(Material provided begins)

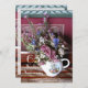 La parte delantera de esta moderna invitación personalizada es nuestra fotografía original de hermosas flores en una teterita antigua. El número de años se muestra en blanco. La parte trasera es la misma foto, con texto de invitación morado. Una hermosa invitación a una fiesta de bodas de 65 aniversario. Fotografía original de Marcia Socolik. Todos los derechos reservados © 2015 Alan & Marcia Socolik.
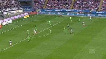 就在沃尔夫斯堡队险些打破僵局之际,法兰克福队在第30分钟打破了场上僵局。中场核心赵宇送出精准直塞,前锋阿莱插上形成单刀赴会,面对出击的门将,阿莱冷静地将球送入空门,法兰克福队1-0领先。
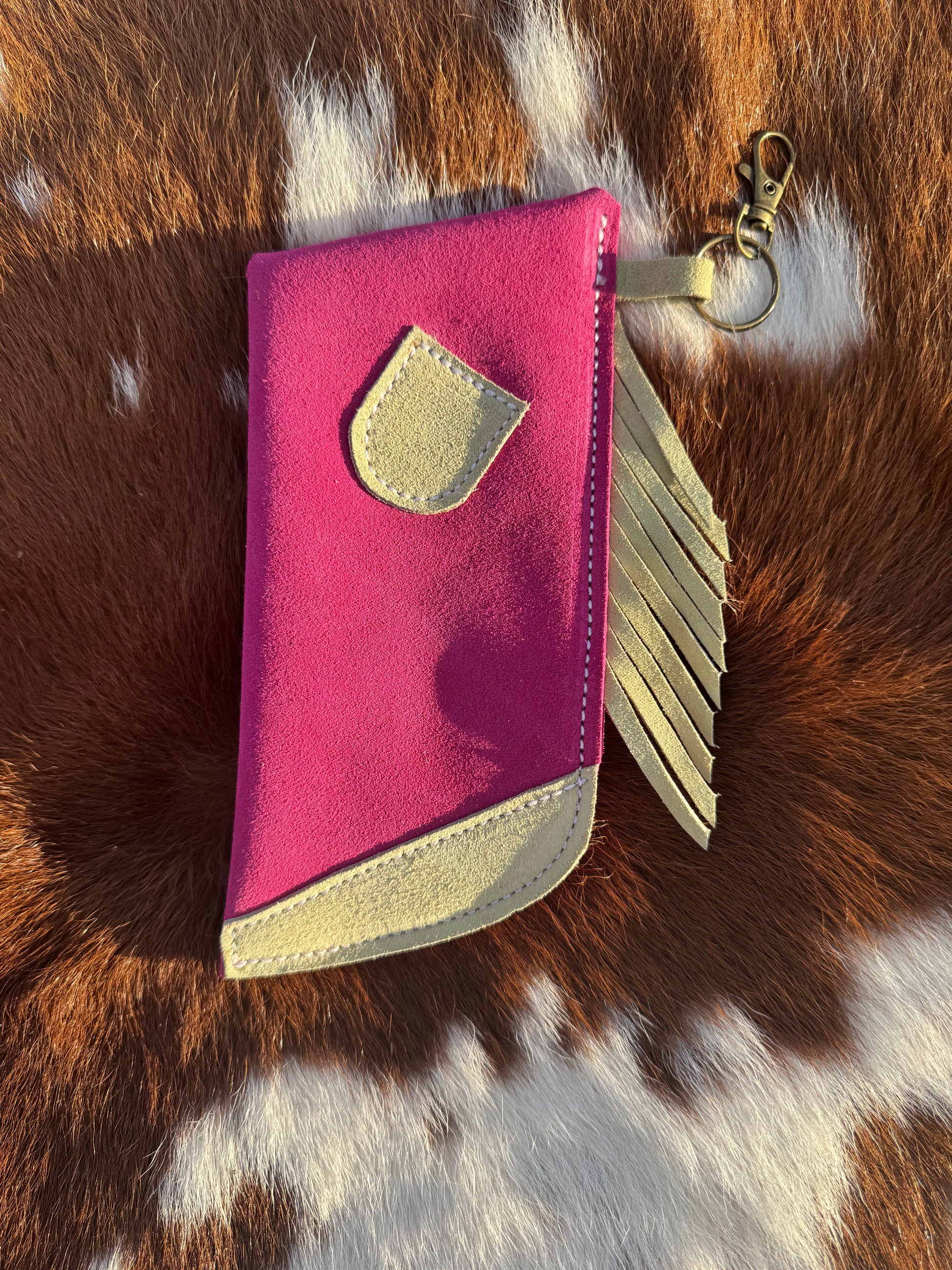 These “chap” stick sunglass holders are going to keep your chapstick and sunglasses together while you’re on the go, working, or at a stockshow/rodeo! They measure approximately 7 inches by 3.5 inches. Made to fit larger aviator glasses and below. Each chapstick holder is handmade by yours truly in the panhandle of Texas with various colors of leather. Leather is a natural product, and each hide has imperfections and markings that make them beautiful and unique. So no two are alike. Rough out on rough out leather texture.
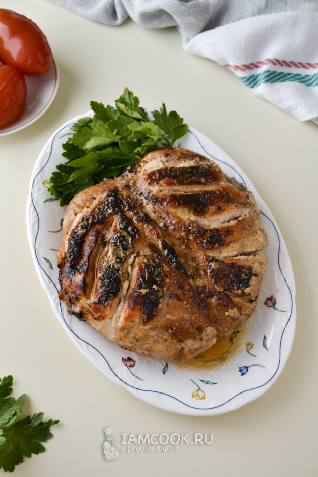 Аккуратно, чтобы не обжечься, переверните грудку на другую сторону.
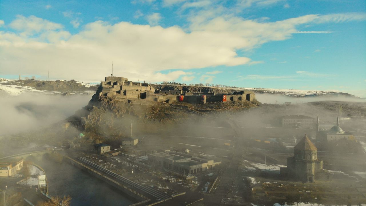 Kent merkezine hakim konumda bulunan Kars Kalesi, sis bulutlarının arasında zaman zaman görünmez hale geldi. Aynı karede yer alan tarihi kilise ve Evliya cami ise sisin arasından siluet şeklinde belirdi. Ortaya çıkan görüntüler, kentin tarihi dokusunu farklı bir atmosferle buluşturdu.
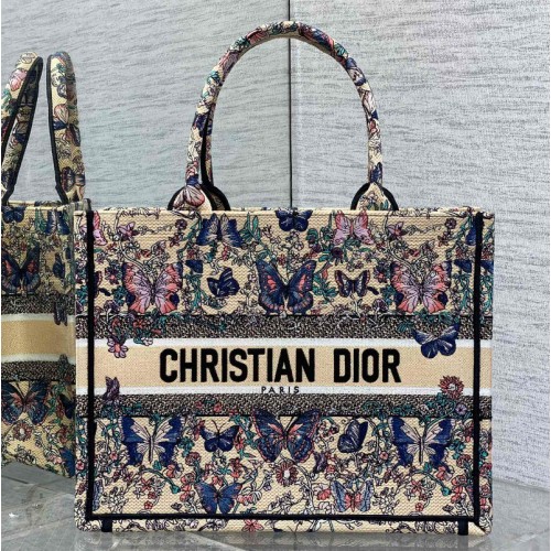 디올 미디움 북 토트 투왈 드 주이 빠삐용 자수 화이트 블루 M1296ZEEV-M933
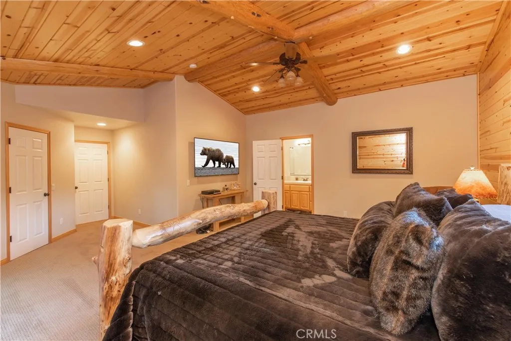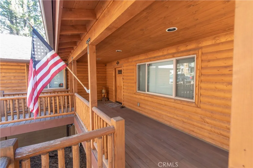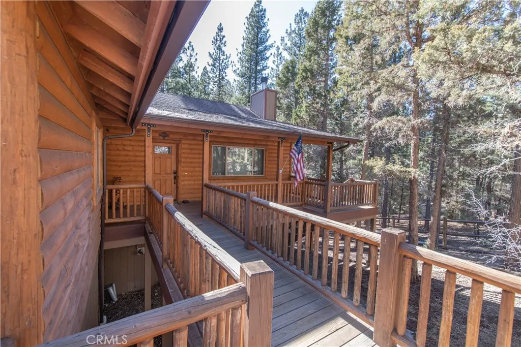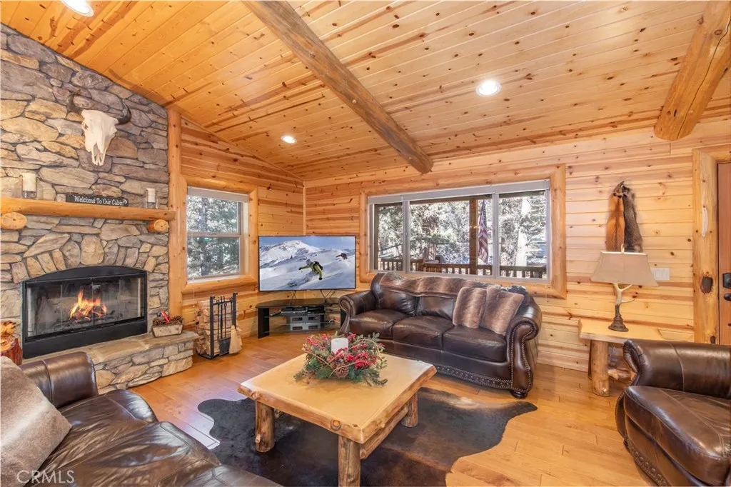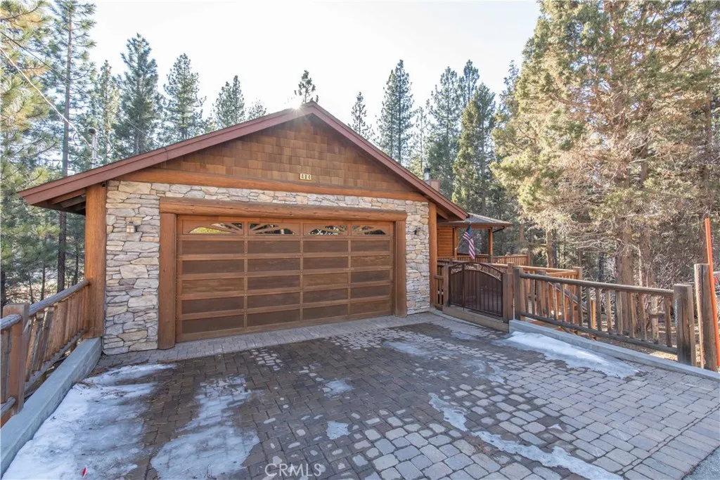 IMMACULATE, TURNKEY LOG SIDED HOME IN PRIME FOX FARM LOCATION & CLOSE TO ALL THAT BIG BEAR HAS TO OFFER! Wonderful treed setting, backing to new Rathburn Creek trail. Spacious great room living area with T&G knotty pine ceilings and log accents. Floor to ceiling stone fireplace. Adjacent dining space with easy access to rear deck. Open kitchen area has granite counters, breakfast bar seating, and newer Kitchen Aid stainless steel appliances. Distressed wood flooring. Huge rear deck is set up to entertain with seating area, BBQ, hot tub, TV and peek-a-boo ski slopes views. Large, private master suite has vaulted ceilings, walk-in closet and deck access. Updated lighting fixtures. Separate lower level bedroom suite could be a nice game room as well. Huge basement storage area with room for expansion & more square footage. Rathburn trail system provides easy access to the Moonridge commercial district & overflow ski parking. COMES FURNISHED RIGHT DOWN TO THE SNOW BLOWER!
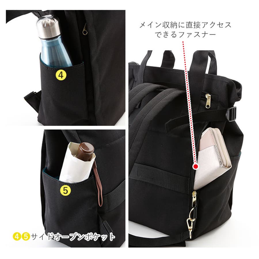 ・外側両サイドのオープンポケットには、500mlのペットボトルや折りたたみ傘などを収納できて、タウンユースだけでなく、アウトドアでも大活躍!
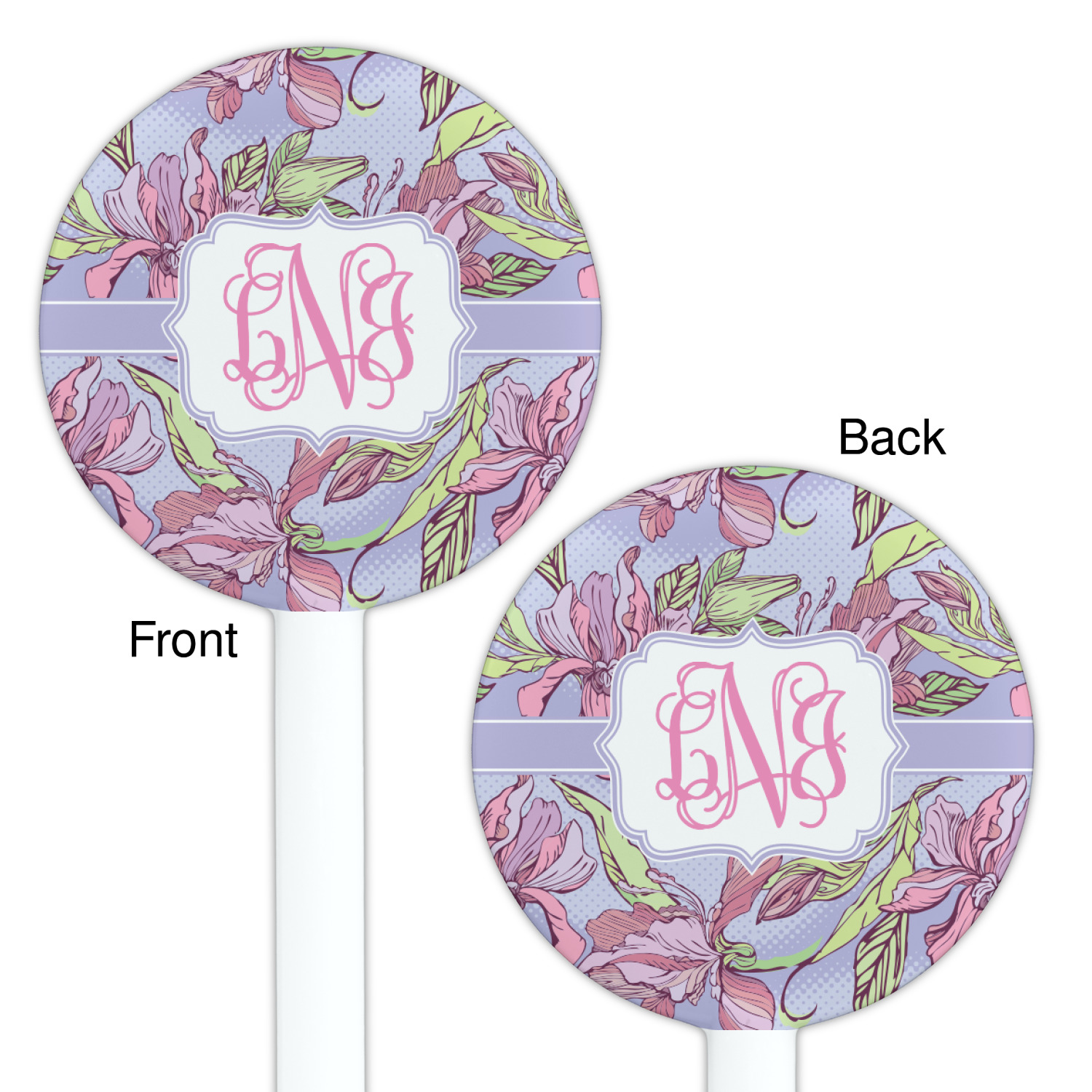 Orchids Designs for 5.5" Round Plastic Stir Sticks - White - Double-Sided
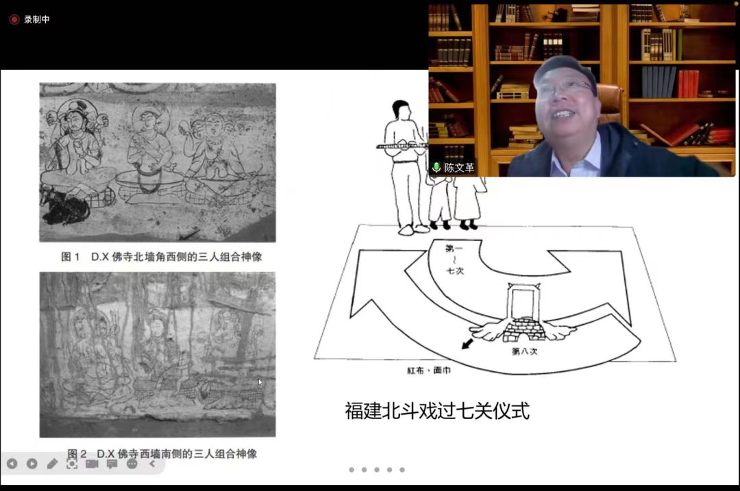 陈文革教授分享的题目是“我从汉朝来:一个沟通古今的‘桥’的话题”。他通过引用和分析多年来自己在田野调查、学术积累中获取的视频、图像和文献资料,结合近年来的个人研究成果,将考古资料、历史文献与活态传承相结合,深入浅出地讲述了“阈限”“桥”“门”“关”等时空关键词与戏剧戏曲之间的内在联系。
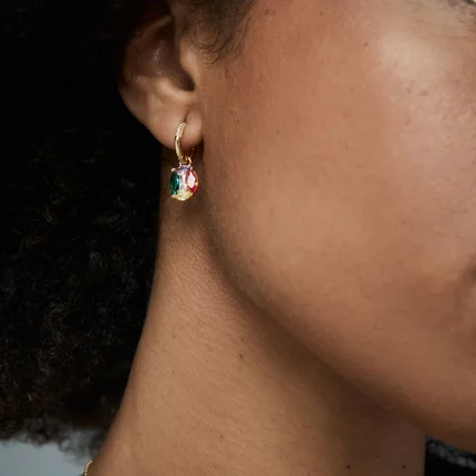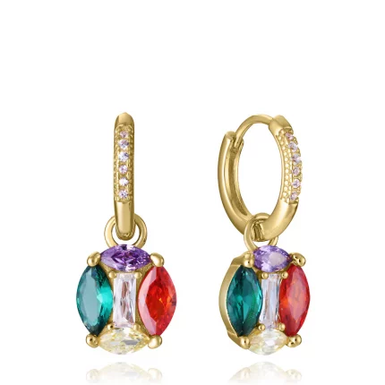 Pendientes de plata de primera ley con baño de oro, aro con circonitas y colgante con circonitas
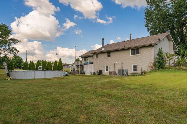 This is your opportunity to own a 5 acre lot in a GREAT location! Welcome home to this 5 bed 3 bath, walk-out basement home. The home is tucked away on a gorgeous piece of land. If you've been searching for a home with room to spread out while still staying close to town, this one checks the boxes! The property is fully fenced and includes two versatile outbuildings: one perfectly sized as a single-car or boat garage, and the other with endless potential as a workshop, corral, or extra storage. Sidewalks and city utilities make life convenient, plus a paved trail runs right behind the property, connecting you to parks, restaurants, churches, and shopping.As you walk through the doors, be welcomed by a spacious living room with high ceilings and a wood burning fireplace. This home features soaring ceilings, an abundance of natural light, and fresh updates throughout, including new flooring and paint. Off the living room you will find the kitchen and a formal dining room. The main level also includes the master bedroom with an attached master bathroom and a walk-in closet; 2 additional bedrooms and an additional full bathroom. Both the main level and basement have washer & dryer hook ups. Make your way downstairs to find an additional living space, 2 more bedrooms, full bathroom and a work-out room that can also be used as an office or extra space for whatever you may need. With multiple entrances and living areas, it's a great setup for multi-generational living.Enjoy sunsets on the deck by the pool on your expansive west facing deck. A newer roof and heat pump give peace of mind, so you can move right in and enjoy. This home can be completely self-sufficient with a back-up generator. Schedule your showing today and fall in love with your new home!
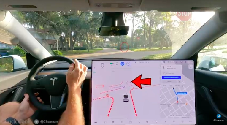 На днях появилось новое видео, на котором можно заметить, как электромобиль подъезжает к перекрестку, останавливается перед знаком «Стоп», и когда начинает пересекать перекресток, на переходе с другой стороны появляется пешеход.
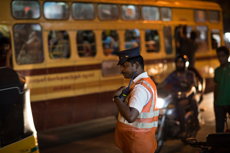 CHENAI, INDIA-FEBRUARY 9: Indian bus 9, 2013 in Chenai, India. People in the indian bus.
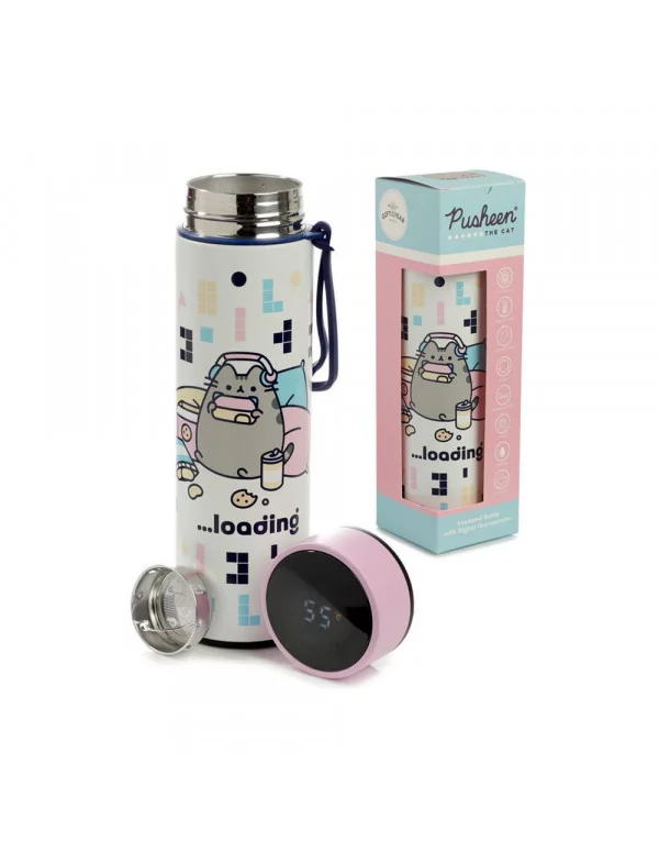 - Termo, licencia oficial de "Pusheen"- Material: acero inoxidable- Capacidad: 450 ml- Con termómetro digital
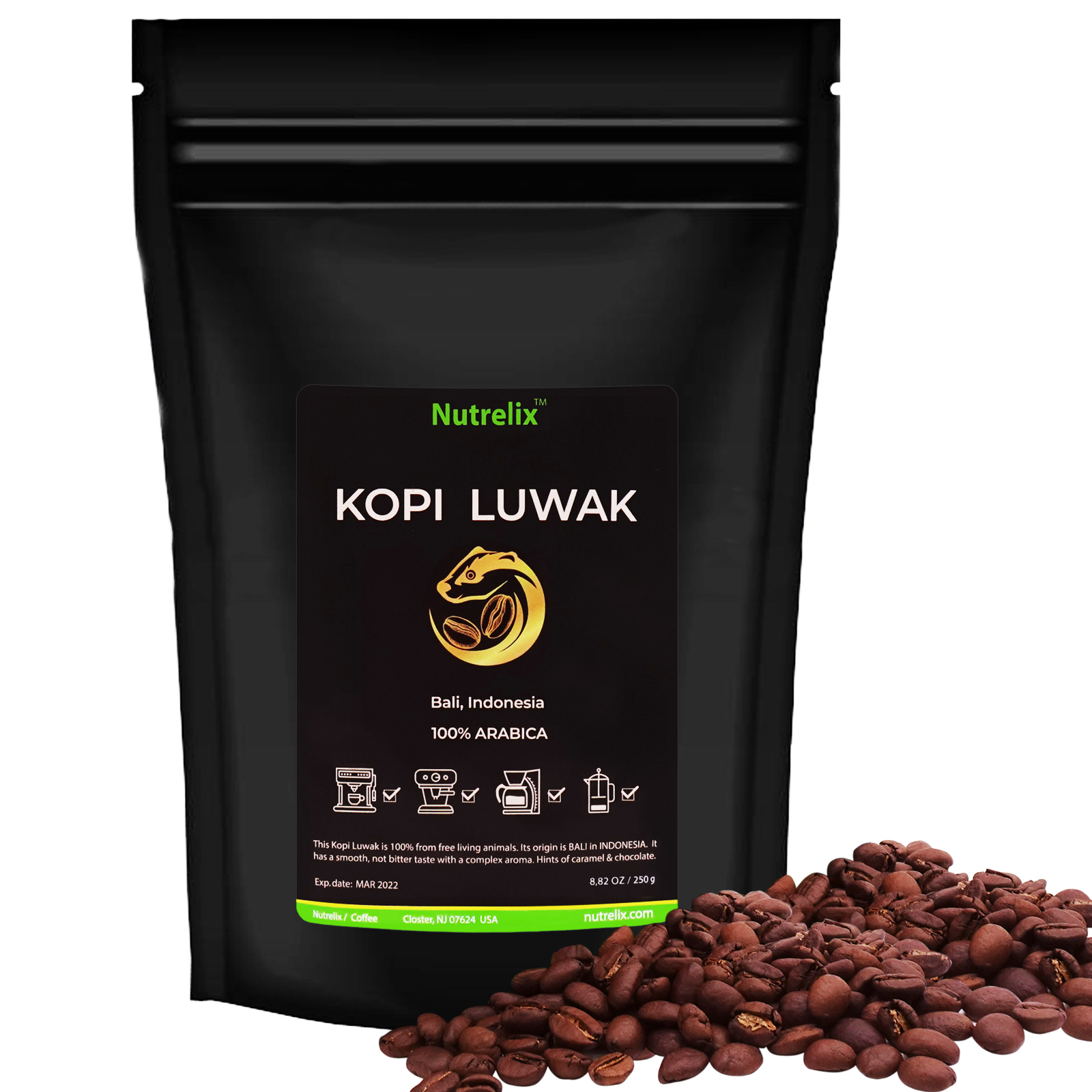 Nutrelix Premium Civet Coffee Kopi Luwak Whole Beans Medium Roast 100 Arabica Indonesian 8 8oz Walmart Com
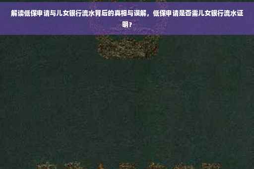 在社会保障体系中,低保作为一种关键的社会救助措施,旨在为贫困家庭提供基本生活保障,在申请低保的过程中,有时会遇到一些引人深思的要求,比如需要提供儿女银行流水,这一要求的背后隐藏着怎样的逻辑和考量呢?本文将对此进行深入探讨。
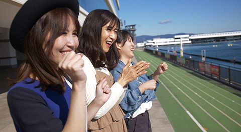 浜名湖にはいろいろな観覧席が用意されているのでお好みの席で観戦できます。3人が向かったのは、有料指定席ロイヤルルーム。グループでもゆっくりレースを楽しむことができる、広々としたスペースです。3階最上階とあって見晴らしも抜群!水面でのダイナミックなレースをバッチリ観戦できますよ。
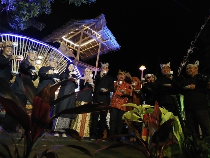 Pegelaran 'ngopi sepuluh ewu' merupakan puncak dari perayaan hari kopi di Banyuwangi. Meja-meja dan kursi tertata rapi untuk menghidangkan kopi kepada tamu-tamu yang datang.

(Material provided ends)

= Exercise requirements =
Your copy should run from the line that has "- Termo, licencia" through the last line above, exactly, with both ends in and pictures out.

= Expected output =
 - Termo, licencia oficial de "Pusheen"- Material: acero inoxidable- Capacidad: 450 ml- Con termómetro digital
 Nutrelix Premium Civet Coffee Kopi Luwak Whole Beans Medium Roast 100 Arabica Indonesian 8 8oz Walmart Com
 在社会保障体系中,低保作为一种关键的社会救助措施,旨在为贫困家庭提供基本生活保障,在申请低保的过程中,有时会遇到一些引人深思的要求,比如需要提供儿女银行流水,这一要求的背后隐藏着怎样的逻辑和考量呢?本文将对此进行深入探讨。
 浜名湖にはいろいろな観覧席が用意されているのでお好みの席で観戦できます。3人が向かったのは、有料指定席ロイヤルルーム。グループでもゆっくりレースを楽しむことができる、広々としたスペースです。3階最上階とあって見晴らしも抜群!水面でのダイナミックなレースをバッチリ観戦できますよ。
 Pegelaran 'ngopi sepuluh ewu' merupakan puncak dari perayaan hari kopi di Banyuwangi. Meja-meja dan kursi tertata rapi untuk menghidangkan kopi kepada tamu-tamu yang datang.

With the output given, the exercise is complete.